Overview
This page contains technical details for users starting Go SDK pipelines on machines that are not using a linux
operating system, nor an amd64
architecture.
Go is a statically compiled language. To execute a Go binary on a machine, it must be compiled for the matching operating system and processor architecture. This has implications for how Go SDK pipelines execute on workers.
Development: Using go run
When starting your in development pipeline against a remote runner, you can use go run
from your development environment.
The Go SDK will cross-compile your pipeline for linux-amd64
, and use that as the pipeline’s worker binary.
Alternatively, some local runners support Loopback execution.
Setting the flag --environment_type=LOOPBACK
can cause the runner to connect back to the local binary to serve as a worker.
This can simplify development and debugging by avoiding hiding log output in a container.
Production: Overriding the Worker Binary
Go SDK pipeline binaries have a --worker_binary
flag to set the path to the desired worker binary.
This section will teach you how to use this flag for robust Go pipelines.

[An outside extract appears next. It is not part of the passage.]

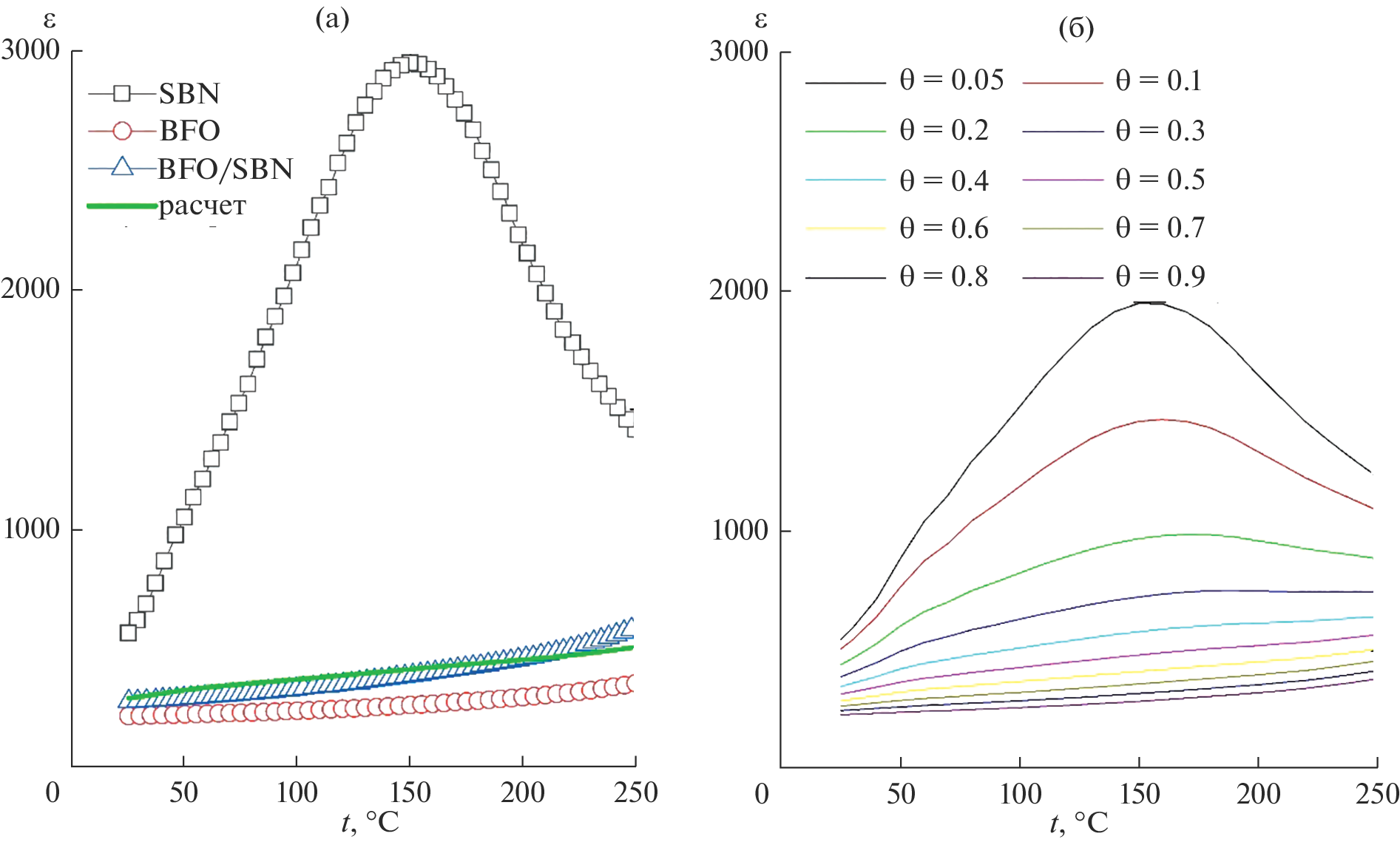 Using rf cathode sputtering in an oxygen atmosphere, we produced a heterostructure based on the bismuth ferrite (BFO) multiferroic and barium strontium niobate (SBN) ferroelectric: BiFeO3(1000 nm)/Sr0.5Ba0.5Nb2O6(1000 nm)/Pt(001)/MgO(001). It was free of impurity phases and had a root mean square surface roughness within 1% of its thickness. All of the layers in the heterostructure were grown epitaxially. The SBN-50 layer consisted of orientation domains tilted in the plane of the interface by ±18.4° with respect to the MgO substrate axes, and the crystallographic axes of the BFO and Pt layers were parallel to the substrate axes. The ferroelectric polarization of the material at U = 90 V was shown to be 59.3 μC/cm2. Our results demonstrate that, to describe the behavior of the relative dielectric permittivity (ε) of the heterostructure in the range 25–250°C, it is sufficient to take into account the ε(t) data for each layer. The mechanisms underlying the observed effects are discussed.

In production settings, it’s common to only have access to compiled artifacts. For Go SDK pipelines, you may need to have two: one for the launching platform, and one for the worker platform.
In order to run a Go program on a specific platform, that program must be built targeting that platform’s operating system, and architecture.
The Go compiler is able to cross compile to a target architecture by setting the $GOOS
and $GOARCH
environment variables for your build.
For example, you may be launching a pipeline from an M1 Macbook, but running the jobs on a Flink cluster executing on linux VMs with amd64 processors.
In this situation, you would need to compile your pipeline binary for both darwin-arm64
for the launching, and linux-amd64
.
# Build binary for the launching platform.
# This uses the defaults for your machine, so no new environment variables are needed.
$ go build path/to/my/pipeline -o output/launcher
# Build binary for the worker platform, linux-amd64
$ GOOS=linux GOARCH=amd64 go build path/to/my/pipeline -o output/worker
Execute the pipeline with the --worker_binary
flag set to the desired binary.
# Launch the pipeline specifying the worker binary.
$ ./output/launcher --worker_binary=output/worker --runner=flink --endpoint=... <...other flags...>
SDK Containers
Apache Beam releases SDK specific containers for runners to use to launch workers. These containers provision and initialize the worker binary as appropriate for the SDK.
At present, Go SDK worker containers are only built for the linux-amd64
platform.
See Issue 20807 for the current state of ARM64 container support.
Because Go is statically compiled, there are no runtime dependencies on a specific Go version for a container. However, depending on how your binary is built, the The Go release used to compile your binary will be what your workers execute. Be sure to update to a recent Go release for best performance.
CG0_ENABLED=0 and glibc
From Beam 2.48.0, the default cross compile sets CGO_ENABLED=0 to reduce issues with the boot container and glibc versions. If your pipeline requires CGO to run, see the above Overriding the Worker Binary for more information on using your own built binary.
Beam uses minimal debian containers as a base. If your binary has specific execution requirements, Custom Containers can be derieved from the released containers to satisfy them. Use custom containers to resolve glibc mismatches, or requiring additional binaries to be available at execution time.